The 6426 Project challenges Sunday School classes and churches to pray for an unreached people group (UPG). According to Bob Mayfield, BGCO Sunday School specialist who has developed this prayer emphasis, we have had 1,907 people groups adopted by 1,907 of our churches. Some of you may wonder if praying for people you have never seen really makes a difference. Well, read the testimony shared with me during my trip to Hong Kong by one of our East Asian missionaries. He tells of the efforts of Pastor Donny Crittendon and the Paradise Valley church near Lawton. Be blessed and start praying!

“God is here on this Earth, and He is not silent. May His people continue to hunger for His will to be done.

A book came out in 2004 called People of the Buddhist World: A Christian Prayer Guide by Paul Hattaway. In the introduction, he lists the 10 most unevangelized and unreached Buddhist peoples. In the number one slot (as the largest and least evangelized) is a sub-group of Northwest Asia called the Oirat (or Torgut) with a population of 200,000 having no known missionaries engaging them and no known Christians amongst their thousands.

God called my wife and me, through the International Mission Board, to this people in 2006. I was not surprised to find that God was already at work, but “how” God works is always beyond my imagination.

Through some young college students from Georgia, we “stumbled” upon a small, rural Asian house church in an out of the way area near Kazahstan. The statistics showed that Torgut Mongols lived in the area, and those students were sent out to try to find if there were any believers. When they bumped into this rural house church and asked them if they knew of any Torgut Christians, the church responded, “Yes, we have eight who attend our church”—the first Torguts known to believe in Jesus.

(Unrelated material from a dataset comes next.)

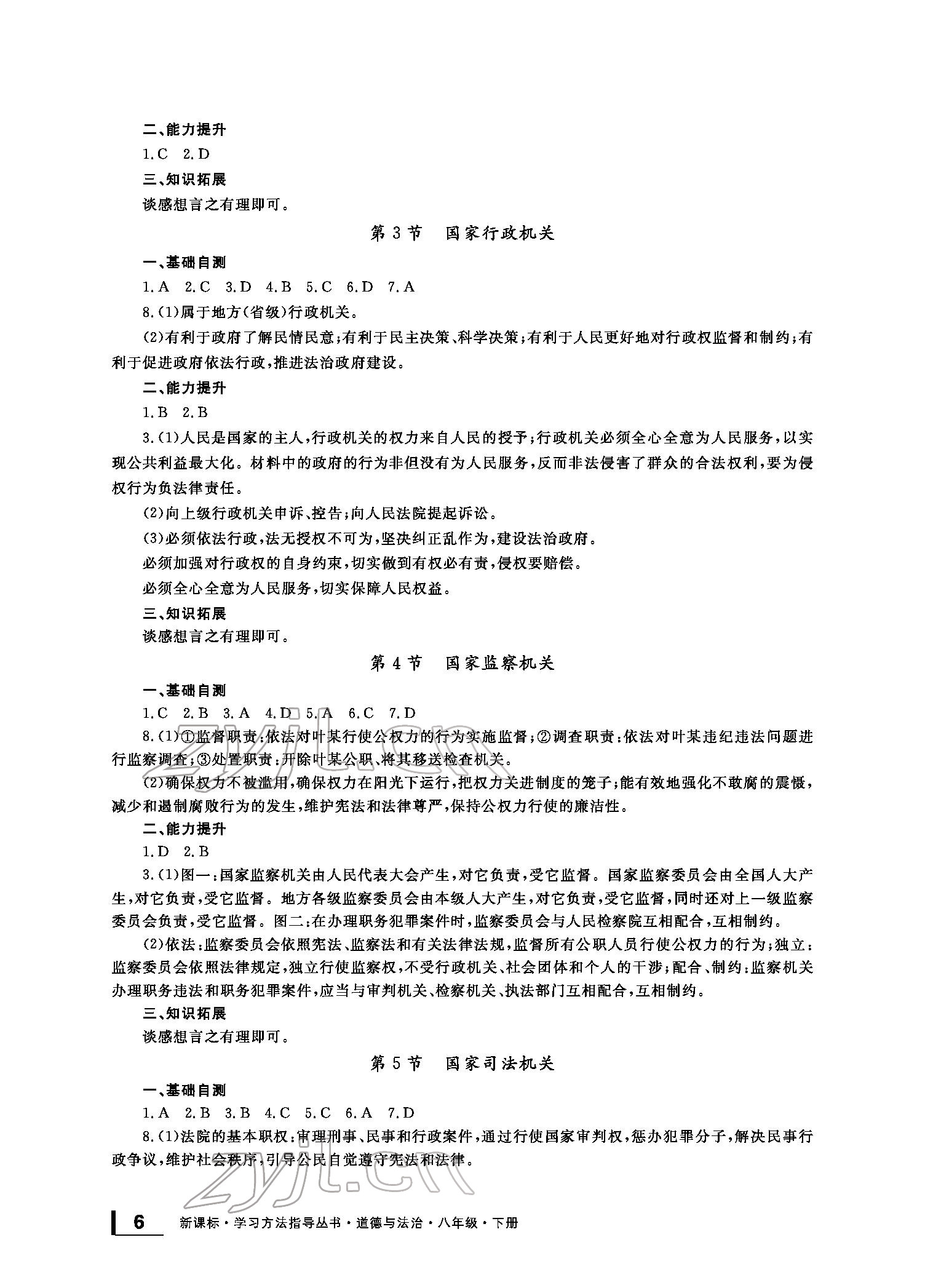 注:目前有些书本章节名称可能整理的还不是很完善,但都是按照顺序排列的,请同学们按照顺序仔细查找。练习册 2022新课标学习方法指导丛书八年级道德与法治下册人教版 答案主要是用来给同学们做完题方便对答案用的,请勿直接抄袭。

We began a relationship with them, as secretly as possible, to provide resources and training. I was then contacted by a pastor in rural Oklahoma, Don Crittendon, asking if he could come and bring a few friends with him to visit the Torgut areas, because they had adopted them as a UPG and had prayed for the Torgut people. In the end, only the pastor was able to come out.

When he arrived, we immediately bought him a local hat so that he could almost pass as a local Russian. We took the train (two 12-hour, overnight trips to get to that rural church from where I was living) and arrived in the village at 4 a.m. After arriving at the house church, which was the base of their worship and outreach activities, Don and I sat down to breakfast and tea, and we began sharing the life of Christ with each other. Don mentioned that his church began praying for the Torgut (or Oirat) about four years before. The house church pastor (with a few others in leadership) stopped and asked, “How long ago? When did you start this?” “About four years ago.” “That’s very interesting! It was four years ago that the Lord touched our hearts with the burden of reaching out to the local people of another ethnic group!”

There was electricity in the air, and we all smiled. God had clearly wanted to begin the redemptive work of the Torgut people at this time, and called a small rural Oklahoma church to pray and moved the hearts of the Asians into loving action to serve the needs of the Torguts as a way of sharing the Gospel. At the time of Crittendon’s visit, the Torgut believers had gone from eight to 40, with whole families coming to faith.

In the autumn of 2008, my wife and I were expelled from the country as undesirables because we had shared Jesus with the Torgut people. At the time of our leaving, there were about 120 Torguts who believed, as well as a number of Kazahks.

God is in this world, and He is not silent. We, however, need to choose to join Him, don’t we?”

Anthony L. Jordan is executive director-treasurer of the Baptist General Convention of Oklahoma.